The Weekly Rhetoric

The Cues You’re Missing

Hey Rhetors,

I want you to imagine a simple interaction between two people:

PERSON 1: Want to grab lunch later?
PERSON 2: Sure.

Simple and straightforward! Nothing seems out of the ordinary with it. There’s a request, there’s a response, now two plebeians who originally didn’t have a plan can now enjoy a culinary journey of some kind together. Just about every single one of us has probably said this or been asked this before. 

Below, you’ll soon see why even an interaction as seemingly simple as this can take on hundreds of different meanings, and it all has to do with context, or what communication theorist Dean Barnlund formalized in 1970 as “cues.”

One Model to Rule Them All

Let me get one thing off my chest that I’ve been harboring since graduating college: communication scholars.
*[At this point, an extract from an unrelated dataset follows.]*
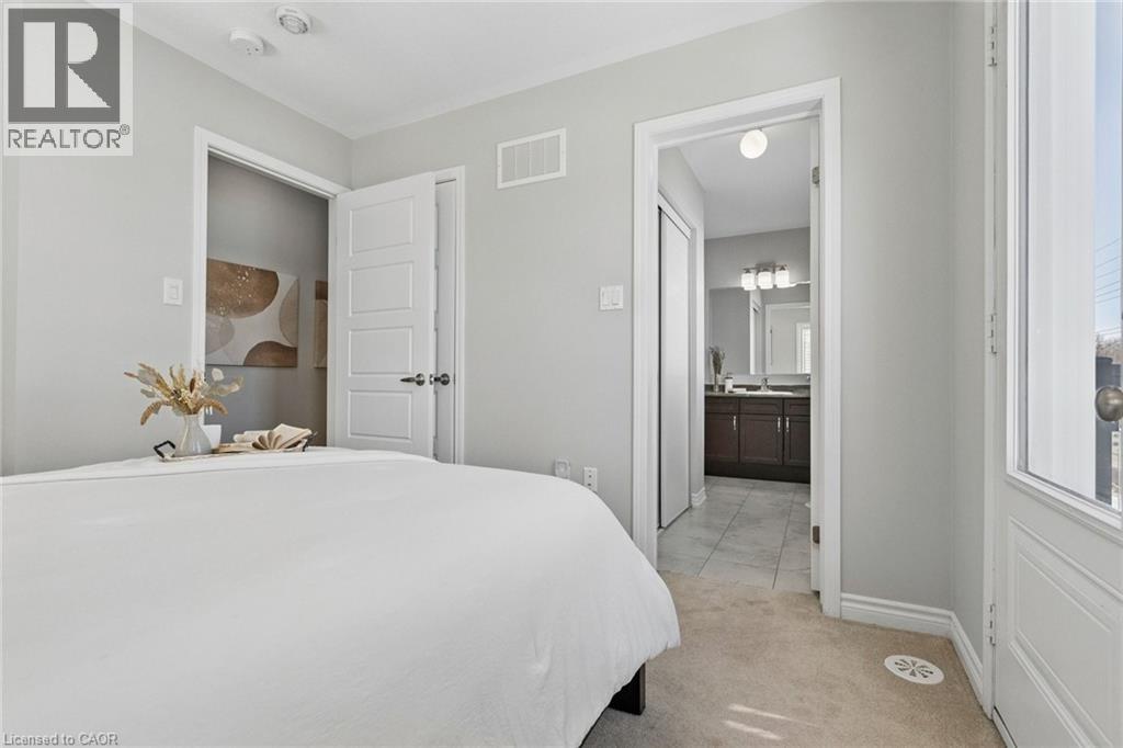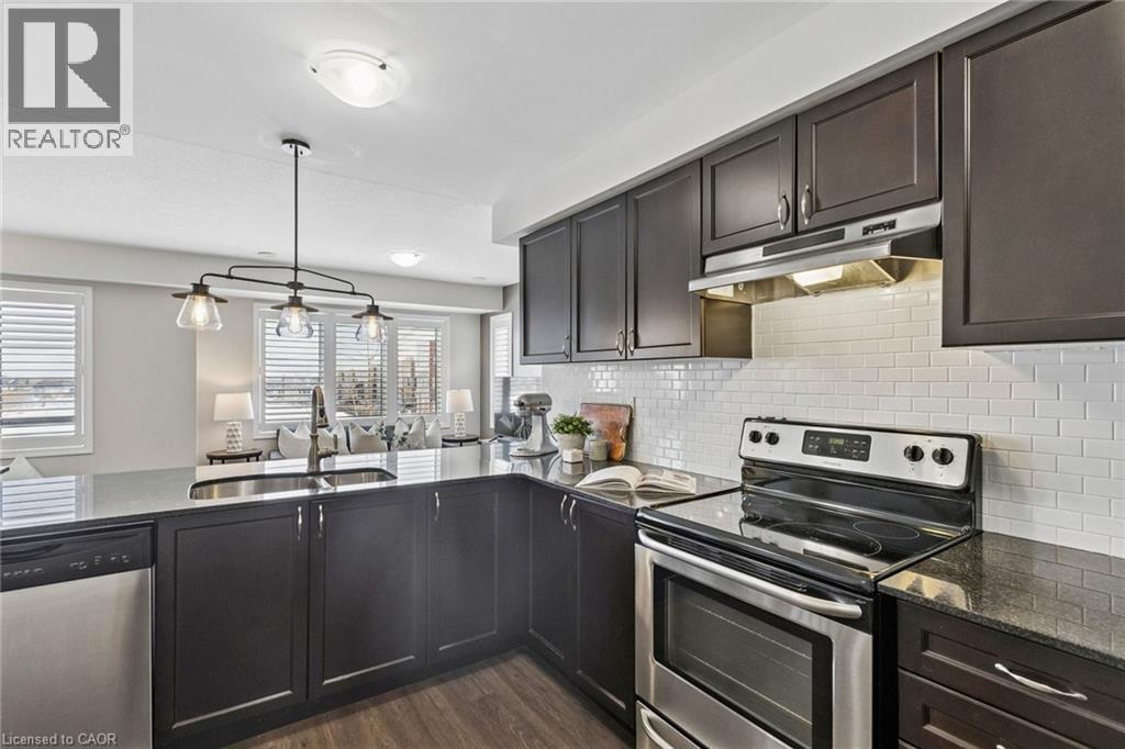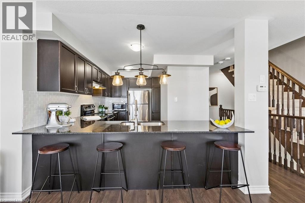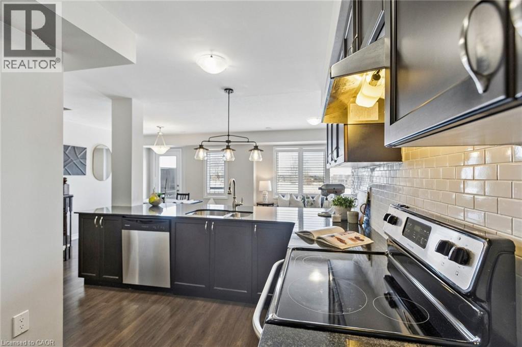 ATTENTION FIRST-TIME BUYERS, DOWNSIZERS AND CITY DWELLERS and feast your eyes on this beautiful, move-in ready 2 bedroom CORNER UNIT townhome! Located in Kitchener’s WILDFLOWERS neighbourhood, a highly sought-after family-friendly neighbourhood that is close to all your shopping favourites, great schools, parks including the RBJ Schlegel Park, and also offering quick access to HWY 401, this home should be on your MUST-SEE list! LOW CONDO FEES make this home even more attractive! Once inside you'll be captivated by the main floor open-concept layout, bright and airy and filled with lots of natural light with lots of windows and bonus California shutters included to provide privacy and comfort. Step inside the spacious kitchen, with large island, perfect for making your daily meals featuring granite countertops, tiled backsplash, stainless steel appliances, double-stainless steel sink, and a huge breakfast bar. It will definitely be the gathering place when friends and family come to visit. Walk over to the spacious dinette that leads out to the terrace where you can enjoy summer mornings with coffee or evenings with a cocktail. Entertaining and daily living is easy with a convenient powder room on the main floor. The second floor features a beautiful primary bedroom with a walk-out Juliette balcony and spacious ensuite bathroom and closet. The second bedroom also offers its own ensuite bathroom, perfect for overnight guests or can be used as an office, exercise or craft room. Stacked washer and dryer for laundry on the second floor for added convenience lots of additional closet space for storage. And a single-car garage space for you to park your car or for more storage complete this home. This home is move-in ready. Book your private showing today! NOTE: This is NOT a stacked townhome. There is no one living above or below. (id:64974)

Care way to much about their models! One of my least favorite units in some of those early classes had me memorizing steps or components of dozens of models, who made them and when, yada yada. I didn’t sign up for a history class, I wanted to talk and write!

But admittedly, there was one that I thought was particularly fun, and it’s the one I mentioned just above. At its highest level, imagine saying “sure” in the example above, but also actively thinking about whether you remembered to feed your dog, what your phone just pinged you about in your pocket, the way you’re standing in front of this person, and where and when you’re interacting.

Congratulations, you’re now living in Barnlund’s transactional model.

Barnlund wanted others to know one thing above all: Communication isn’t a one-way street. It’s a messy, two-way performance with everyone sending and receiving messages at the same time. Meaning doesn’t travel; it emerges in the space between people. I’m sure you’ve heard the concept before that you’re always communicating something, even when you’re actively trying not to. Once again, that “something” is a combination of cues. To help you understand each one, I’ve added in some wild scenarios below. Let’s take a look!

Private Cues

These are the cues happening entirely inside one person’s head. Nobody else can see them, but they’re shaping how every word lands. Here’s how something private to Person 2 changes the whole conversation:

  • They hate eating with Person 1 because Person 1’s breath always stinks
  • They realized two minutes ago they left their wallet at home. Hope Person 1 pays!
  • They just ate and are now wondering why they’re such a pushover
  • They have a crush on Person 1 and are wondering “is this a date?”

Public Cues

These are the cues coming from the environment, the room, or the situation itself. You might think you’re just talking to a person, but the world around you is contributing its own commentary. Here’s how enquiring about lunch becomes wildly inappropriate:

  • The fire-alarm is going off in the office building both people are standing in
  • It’s already 5 pm
  • Both people are doctors doing intense brain surgery
  • Both just came from a meeting about how their company is eliminating the midday break

Nonverbal Behavioral Cues

This is everything your body is saying without a single word. Often louder and more believable than the words themselves. A shrug, a glance, or a posture shift can completely change the meaning of “Sure.”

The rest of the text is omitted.